Ainsi va la « révolution bolivarienne », où l'on résout les problèmes en tuant le messager.
Depuis des années, le gouvernement vénézuélien ne fournit plus de chiffres sur la criminalité, alors même qu'elle figure en tête des préoccupations des Vénézuéliens dans tous les sondages. Selon l'Observatoire vénézuélien de la violence, Caracas est devenu une des villes les plus dangereuses au monde, avec un taux d'homicides de 140 pour 100.000 habitants (contre 18 pour 100.000 habitants à Bogota, par exemple) et plus de 16.000 assassinats ont été commis au Venezuela en 2009 – un chiffre à mettre en comparaison avec les 4.550 homicides recensés en 1998, année de l'arrivée de Chávez au pouvoir. Le fait que le Venezuela possède un des taux de criminalité les plus élevés au monde met clairement en évidence la négligence d'une des fonctions de base de tout gouvernement. Toutefois, le régime para-dictatorial de Chávez tente à la fois de minimiser le problème et d'en rejeter la faute sur le capitalisme.

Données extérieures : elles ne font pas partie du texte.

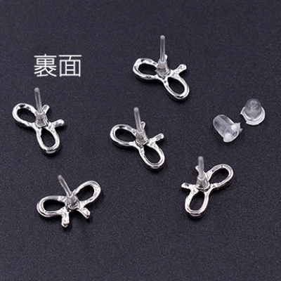 樹脂ピアス リボンB 7×11mm クリア/ロジウム【10ヶ】

Son insensibilité à ce problème est évidente et l'on a même pu voir récemment le président de la chaîne publique Telesur plaisanter sur ce sujet lors d'une interview réalisée par CNN.
La semaine dernière, le journal El Nacional avait publié en première page la photo d'une dizaine de cadavres amoncelés dans une morgue de Caracas. L'image était reprise trois jours plus tard dans le journal Tal Cual.
Après que le gouvernement ait jugé la parution « pornographique », arguant que le sujet de la violence serait devenu un « facteur anti-révolutionnaire », un tribunal de Caracas contrôlé par le pouvoir (car au Venezuela, les juges savent bien ce qui les attend lorsqu'ils hésitent à appliquer les oukases) y a réagi en interdisant aux médias de publier durant un mois des « images à caractère violent, sanglantes, grotesques, de faits divers ou non qui sont une atteinte à l'intégrité psychique et morale des enfants ».
En signe de protestation contre cette censure autoritaire, El Nacional est sorti lundi avec des espaces laissés en blanc barrés du mot « censuré ». Ainsi va la « révolution bolivarienne », où l'on résout les problèmes en tuant le messager.